At the UKs Co-op bank, the enforced exit of the former chairman Paul Flowers is mired in ethical failures. Literally years of energy and resource-draining attrition will follow, as probes seek to establish what happened to bring down the bank.
Similarly, although Barclays’ CEO Bob Diamond resigned in 2012 over the attempt to manipulate the interbank lending rate, his damaging unethical legacy lives on.
In fact, his replacement has publicly admitted it will take “at least five years” to restore the bank’s former reputation, and even this is beginning to look optimistic.
While many leaders puzzle over what it means to run a responsible business and shy away from talking about ethics in business, the price paid for not knowing keeps rising.
A study in 2009 found companies involved with a scandal suffered decreasing book and market leverage. The horse meat scandal involving Findus products for example, wiped £300m off Tesco’s market value. The company’s stock fell 1% because of the likely difficulty of regaining consumer confidence. 2
“It’s not just Findus that is going to suffer here, it’s the processed beef brand more generally,” said Vince Mitchell, professor of consumer marketing at Cass Business School in London.
When leaders leave behind them an ethical scandal, the price their organisations pay is like a typical iceberg—the true cost lies hidden below the water line.
Employees for example, are generally more reluctant to work for such companies–so the cost of recruitment rises significantly. Likewise the scandal-laden company finds it harder to retain staff.

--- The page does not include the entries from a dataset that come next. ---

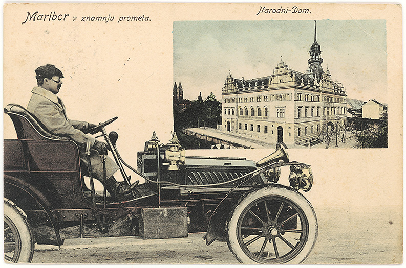 Napisa: Narodni-Dom. Maribor v znamenju prometa. 8. 2. 1906, koloriran svetlotisk, založil Anton Schlauer v Gradcu, odposlana 7. novembra 1906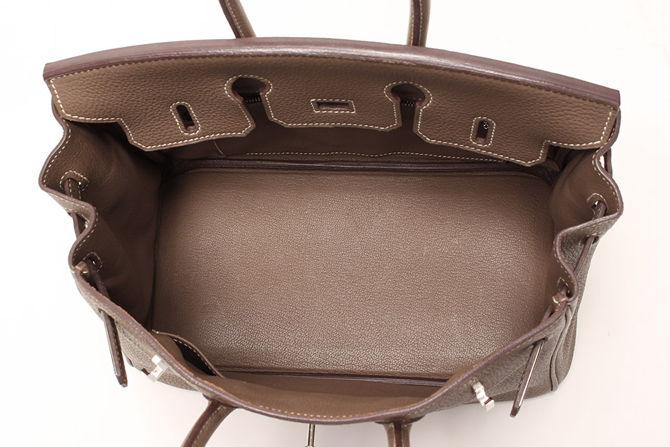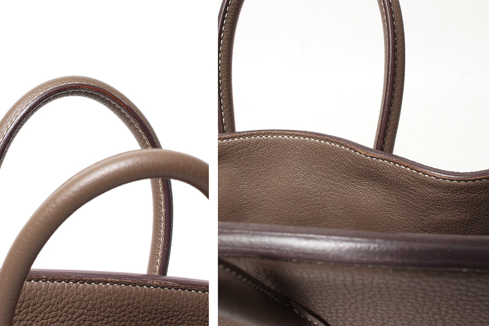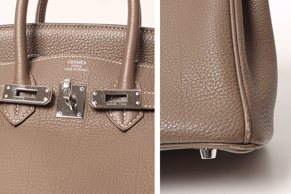 金具に小傷、四隅にスレ、ハンドルや開口部のコバにスレ、内側にスレや型付き、少し型崩れ、トゴ素材特有の血筋が見られます。箱・保存袋なし。カデナ・クロシェット・鍵2個あり。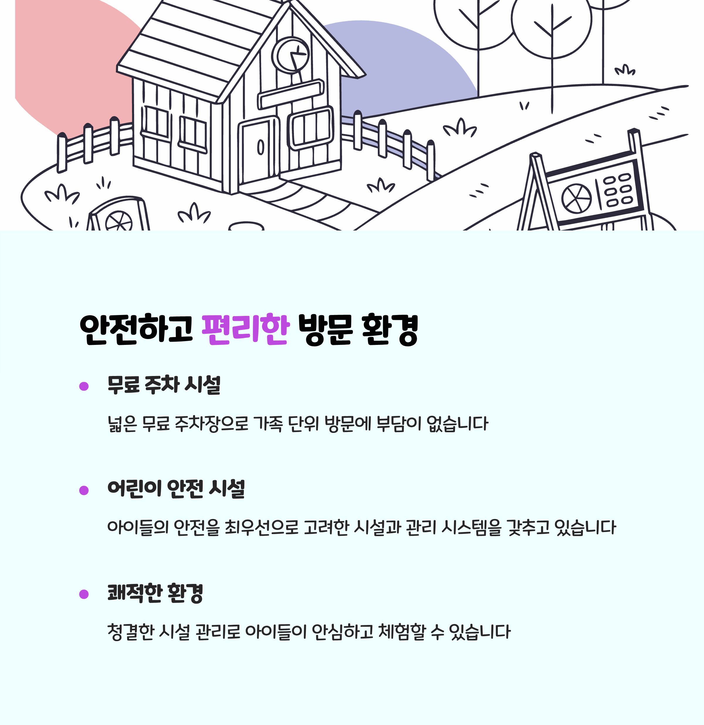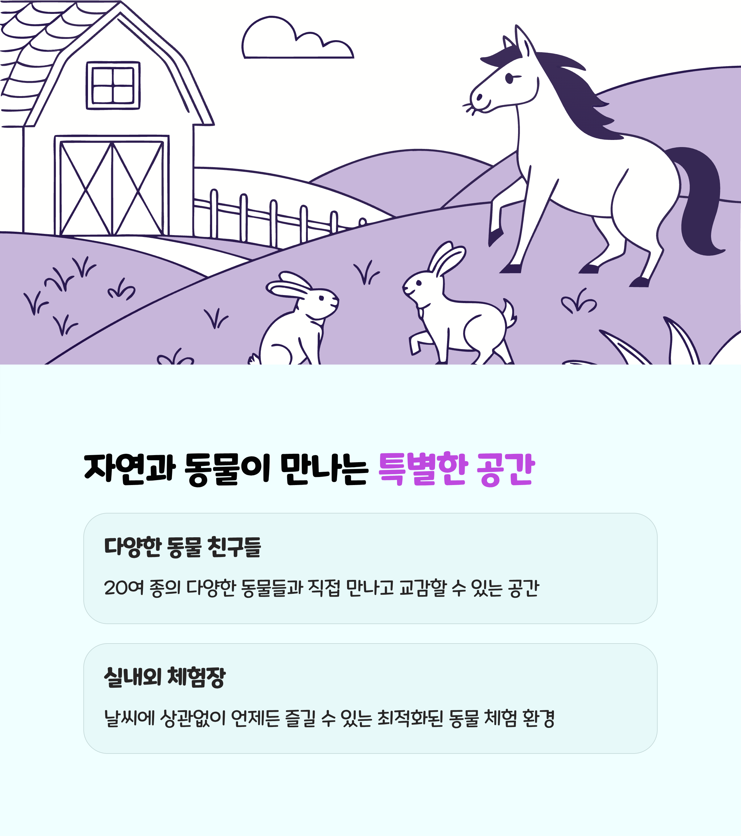 - 날씨와 무관하게 방문 가능하며 실내동물체험장 덕분에 겨울, 비 오는 날에도 체험이 가능합니다.

Boeing, Wal Mart, Home Box Office, Hewlett Packard, Starwood Hotels and Resorts Worldwide, BP and Best Buy are all important corporation whose executives lost their moral compass and had to resign over an ethical issue.
The reverberations continue to bedevil their companies’ reputations, even though the original causes have perhaps long been forgotten.
1 How Will Wal-Mart’s Bribery Scandal Affect CEOs? ChiefExecutive.net, April 26 2012
2 S. Bonini, Corporate Scandals, Capital Structure and Contagion Effect New York University, Stern School of Business, New York, NY.